Mechanized semantics for the Clight subset of the C language

Published 23 Jan 2009 in cs.PL | (0901.3619v1)

Abstract: This article presents the formal semantics of a large subset of the C language called Clight. Clight includes pointer arithmetic, "struct" and "union" types, C loops and structured "switch" statements. Clight is the source language of the CompCert verified compiler. The formal semantics of Clight is a big-step operational semantics that observes both terminating and diverging executions and produces traces of input/output events. The formal semantics of Clight is mechanized using the Coq proof assistant. In addition to the semantics of Clight, this article describes its integration in the CompCert verified compiler and several ways by which the semantics was validated.
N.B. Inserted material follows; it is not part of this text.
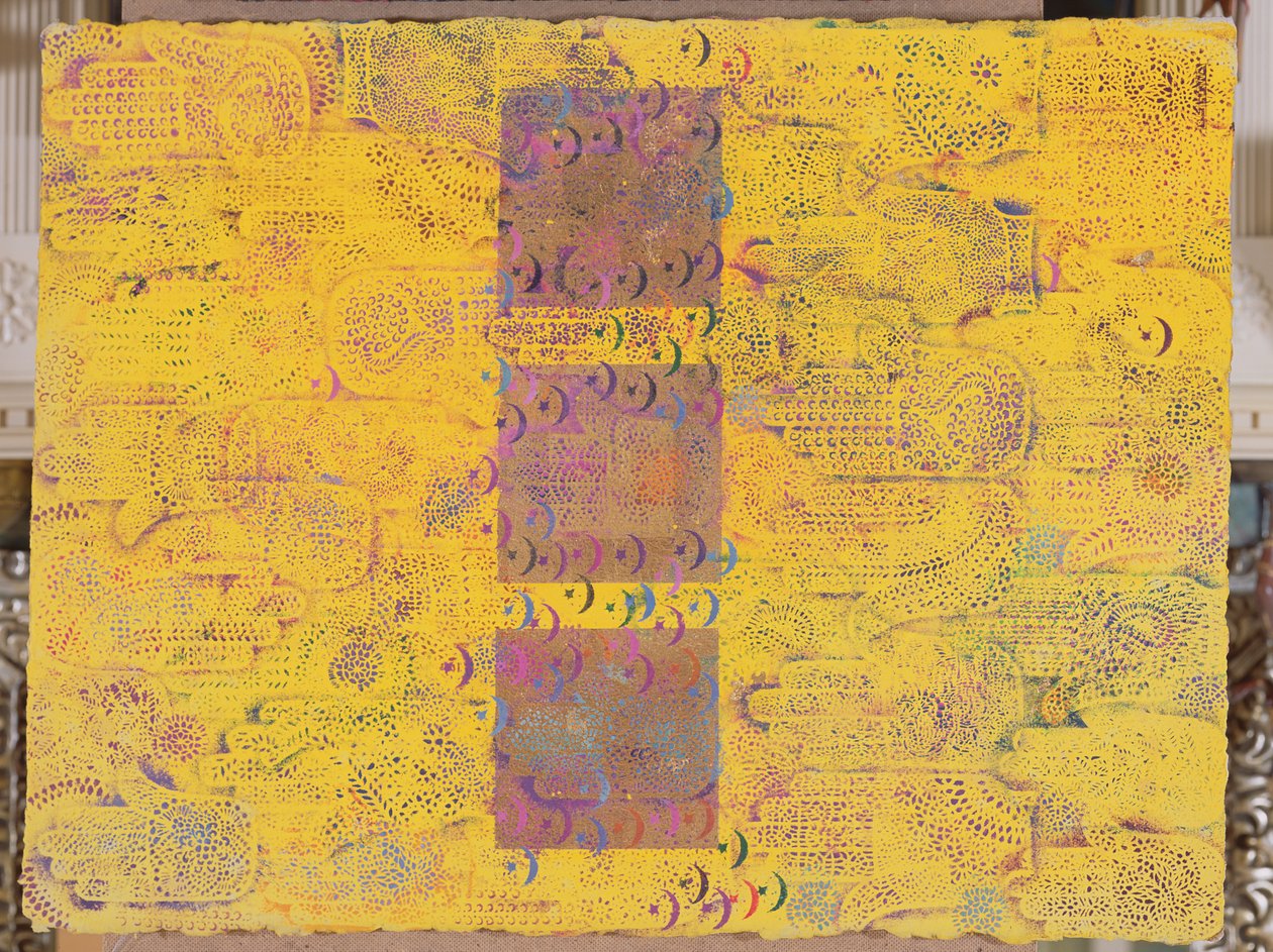 Ohne Titel(Untitled, 1999 (acrylic & gold leaf on paper))Laila Shawa |

Abstract PDF Upgrade to Chat

Citations (197)

View on Semantic Scholar

Summary

Mechanized Semantics for the Clight Subset of the C Language

The paper authored by Sandrine Blazy and Xavier Leroy focuses on the formal semantics of Clight, a substantial subset of the C language that forms the source language for the CompCert verified compiler. This work provides an intricate formalization of the Clight language using big-step operational semantics, mechanized with the Coq proof assistant, and explores its integration with the CompCert compiler. This paper contributes to the detailed understanding and verification of C programs and serves as a bridge to verified compilation.

Key Components of the Clight Language

Clight encompasses a wide range of C language features, such as pointer arithmetic, structure and union types, loops, and structured switch statements. However, it excludes unstructured control flows like goto statements. The formal semantics defines how Clight evaluates expressions, executes statements, and handles program execution in terms of terminating and potentially diverging behaviors.

Evaluation and Execution Semantics

The Clight semantics are outlined as follows:

Expressions: The evaluation distinguishes between l-value and r-value contexts, abiding by language rules for resolving operators and ensuring proper type handling. Unary and binary operations are undertaken with well-formalized support for type-dependent behaviors and conversions.
Statements: Execution of statements handles basic control flows including sequencing, conditionals, loops, and function calls, emphasizing deterministic execution owing to the purity of expressions. The semantics elegantly manage statement outcomes such as normal completion, breaks, and returns.

These semantics are characterized within a mechanized framework using Coq, facilitating rigorous formal verification efforts.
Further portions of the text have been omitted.